Tuesday, December 04, 2007

December 4

Just before 5:00 a.m. on this date in 1969, more than a dozen Chicago police officers stormed a house on the city’s west side; among their targets was a young community activist and Black Panther Party member named Fred Hampton, whom one of the officers proceeded to kill with a pair of point-blank shots to the back of his head.

During the years leading up to his death, Hampton had migrated from the NAACP -- through which he worked as a youth organizer -- to the Black Panthers, a revolutionary Marxist party whose Illinois chapter Hampton helped found. Although Hampton, like most members of the BPP, believed in the inevitability of socialist revolution, he spent most of his time developing social welfare programs like the Breakfast For Children, which offered free meals to kids in Chicago’s poorest neighborhoods.
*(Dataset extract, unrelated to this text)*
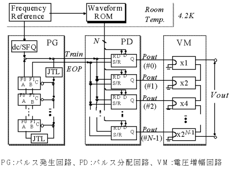 同コンバータは、10 MHzの外部基準信号を基に、4.2 Kに冷却されたチップ上で10 GHzクロックのSFQパルスを発生する回路(『パルス発生回路』)、発生したSFQパルスを分配する回路(『パルス分配回路』)及びSFQパルスを入力線に与えることによって高精度電圧を発生する回路(『電圧増幅回路』)から構成される(図を参照)。これら3つの要素回路の内、『パルス発生回路』と『パルス分配回路』は、独自のアイデアに基づいて設計を行い、電子技術総合研究所内に整備されたジョセフソン接合集積回路作製ラインを用いて試作された。試作された回路の評価は、数100 Hzのデジタル信号をdc/SFQ変換回路を通して入力させ出力をSFQ/dc変換回路を通して読み出す方法によって行い、正常な動作が行われていることが確認された。『電圧増幅回路』についてはニューヨーク州立大学のPolonsky博士が考案した回路を採用することにしており、その基本動作については、米国Hypres社において作製されたチップによって、Polonsky博士らによりすでに確認が行われている。

And while the Panthers prepared for the international proletarian struggle by arming themselves, they did so while living within the realm of Mayor Richard J. Daley, a genuine thug whose police enforced an Alabama-style racial apartheid.

Not surprisingly, relations between the city’s police and black community were less than warm. Skirmishes between the CPD and the Black Panthers -- most of them provoked by the former -- had become routine during the second half of 1969; with the encouragement of the FBI, which regarded the Black Panthers as a grave domestic threat, the Chicago police sought to completely uproot the organization. Hampton, who quite probably had been drugged the night before his death by an FBI informant named William O’Neill, did not wake up when the special operations unit burst in to the apartment, nor did he stir when his friend and fellow Panther Mark Clark was shot and killed in the living room. Even several bullet wounds to the shoulder -- all fired by the Chicago police -- were insufficient to get Fred Hampton out of bed.
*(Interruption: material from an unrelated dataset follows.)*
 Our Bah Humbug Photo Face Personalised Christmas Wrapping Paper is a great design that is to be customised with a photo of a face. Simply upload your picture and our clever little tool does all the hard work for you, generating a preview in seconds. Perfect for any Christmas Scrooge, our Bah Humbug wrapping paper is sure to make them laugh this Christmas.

The Chicago police initially claimed that Hampton had been killed in the confusion caused by an intense, 10-minute gun battle between the police and the handful of black revolutionaries sleeping in Hampton’s apartment. As it turned out, only a single shotgun blast -- fired from Mark Clark’s gun as he died -- came from any of the Panthers or their friends. No one was ever charged in the killing of Hampton, though civil suits brought by the families of Hampton and Clark were eventually settled out of court.

Hampton, one of the most gifted community organizers of his generation, was only 21 when he died. Aside from the false claim that a sleeping Hampton and his colleagues had initiated a gun battle, no specific reasons were ever cited for the raid.